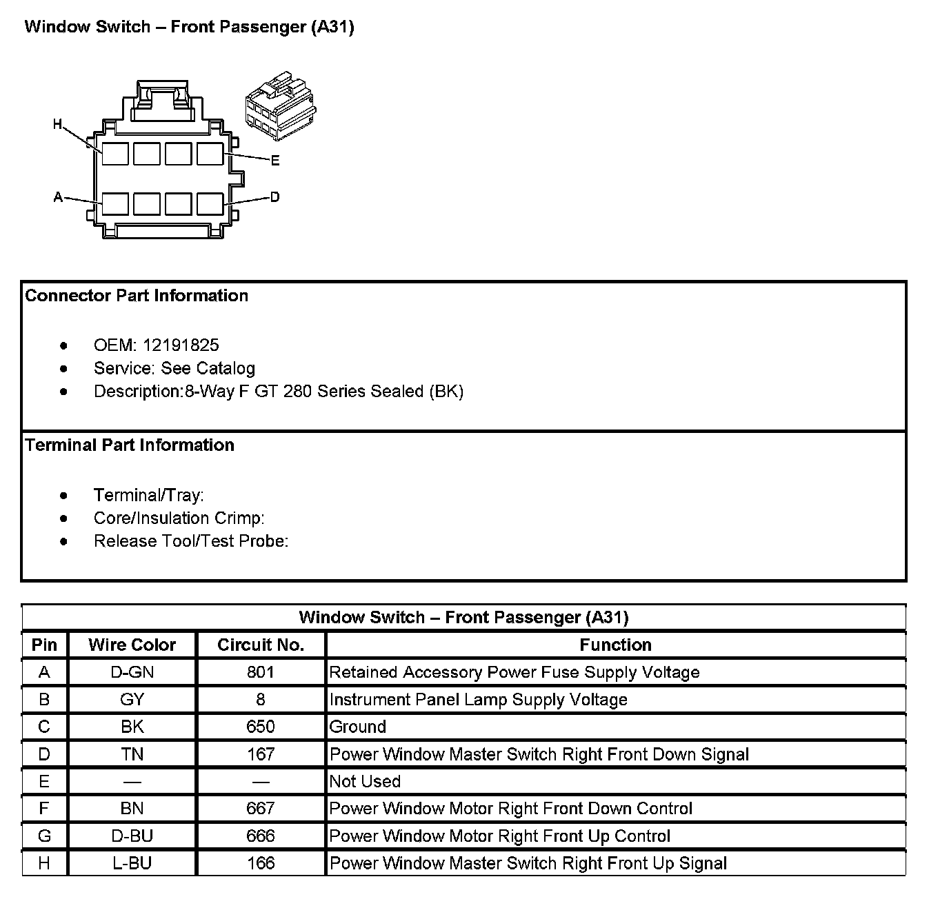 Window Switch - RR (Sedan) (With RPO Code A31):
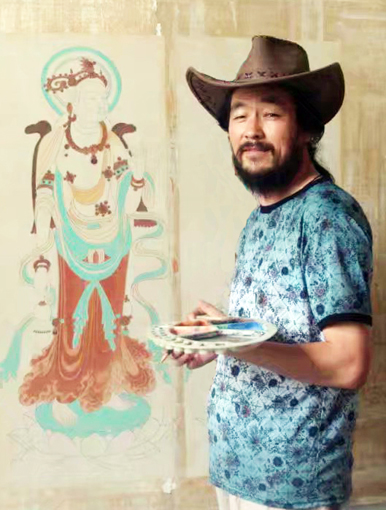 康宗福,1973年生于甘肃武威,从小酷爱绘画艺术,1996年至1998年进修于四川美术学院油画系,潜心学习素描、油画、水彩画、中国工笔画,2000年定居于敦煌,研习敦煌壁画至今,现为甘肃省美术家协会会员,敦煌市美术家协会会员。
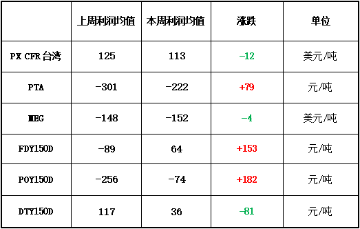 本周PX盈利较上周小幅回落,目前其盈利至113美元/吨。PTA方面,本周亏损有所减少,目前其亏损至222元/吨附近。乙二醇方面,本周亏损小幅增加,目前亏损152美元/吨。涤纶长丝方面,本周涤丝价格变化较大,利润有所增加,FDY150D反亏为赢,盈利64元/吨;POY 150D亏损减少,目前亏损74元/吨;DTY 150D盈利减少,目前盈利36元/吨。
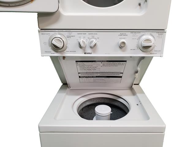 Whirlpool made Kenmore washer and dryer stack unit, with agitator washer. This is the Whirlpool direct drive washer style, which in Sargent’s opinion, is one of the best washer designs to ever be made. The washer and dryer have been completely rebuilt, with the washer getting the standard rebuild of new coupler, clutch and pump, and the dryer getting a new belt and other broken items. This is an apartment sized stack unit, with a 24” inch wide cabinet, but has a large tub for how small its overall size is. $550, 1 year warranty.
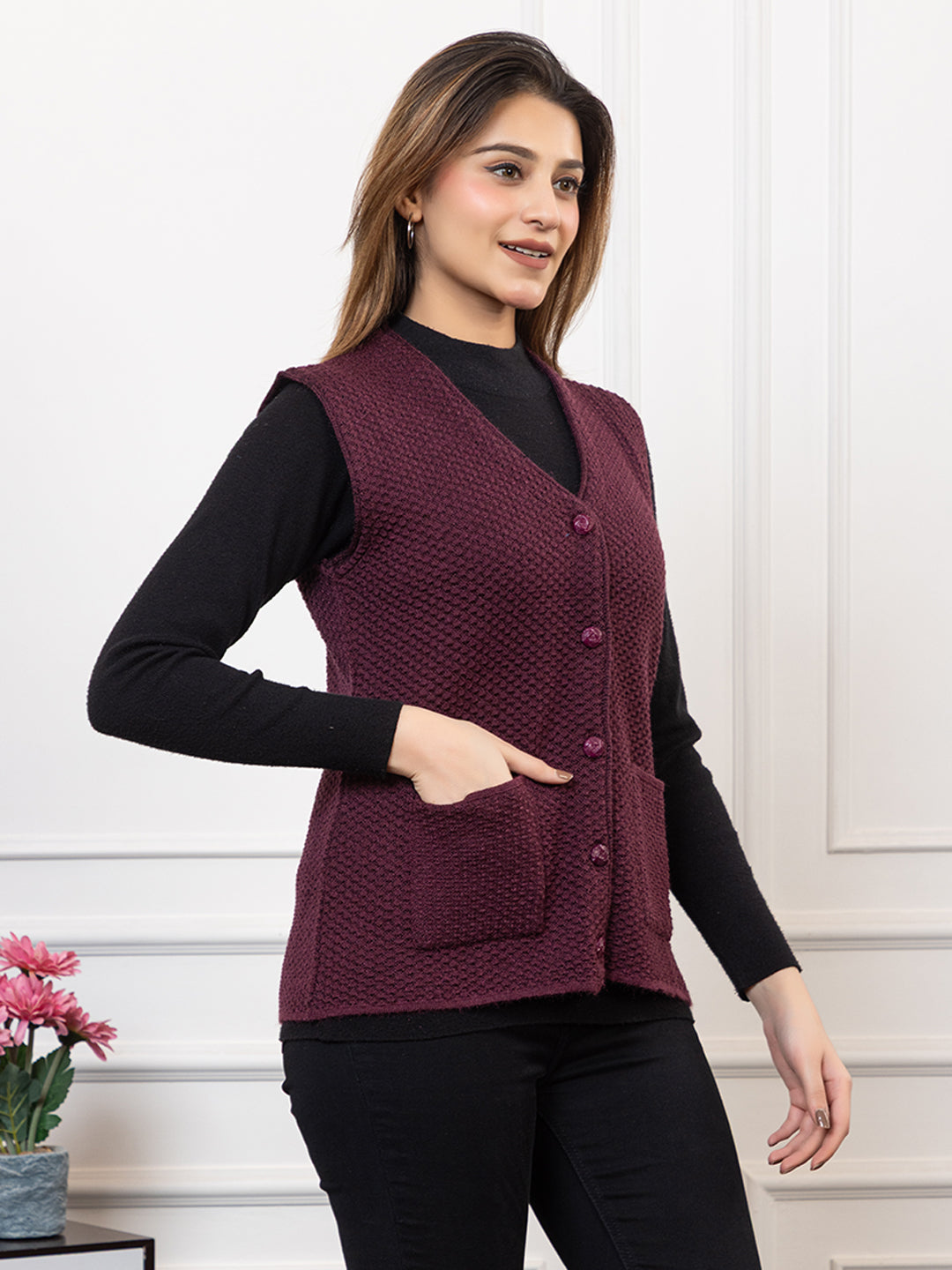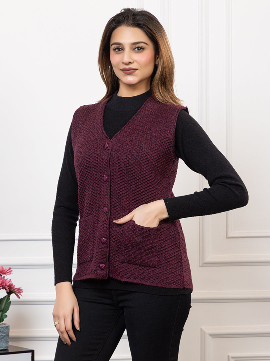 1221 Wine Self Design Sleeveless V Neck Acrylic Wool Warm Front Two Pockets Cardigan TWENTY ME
○ ○ ○ ○
→ **About this task**
To answer, repeat exactly the lines from the line containing "Whirlpool made Kenmore" through the last line of the data above, leaving out all pictures.

→ **Reply to the exercise**
 Whirlpool made Kenmore washer and dryer stack unit, with agitator washer. This is the Whirlpool direct drive washer style, which in Sargent’s opinion, is one of the best washer designs to ever be made. The washer and dryer have been completely rebuilt, with the washer getting the standard rebuild of new coupler, clutch and pump, and the dryer getting a new belt and other broken items. This is an apartment sized stack unit, with a 24” inch wide cabinet, but has a large tub for how small its overall size is. $550, 1 year warranty.
 1221 Wine Self Design Sleeveless V Neck Acrylic Wool Warm Front Two Pockets Cardigan TWENTY ME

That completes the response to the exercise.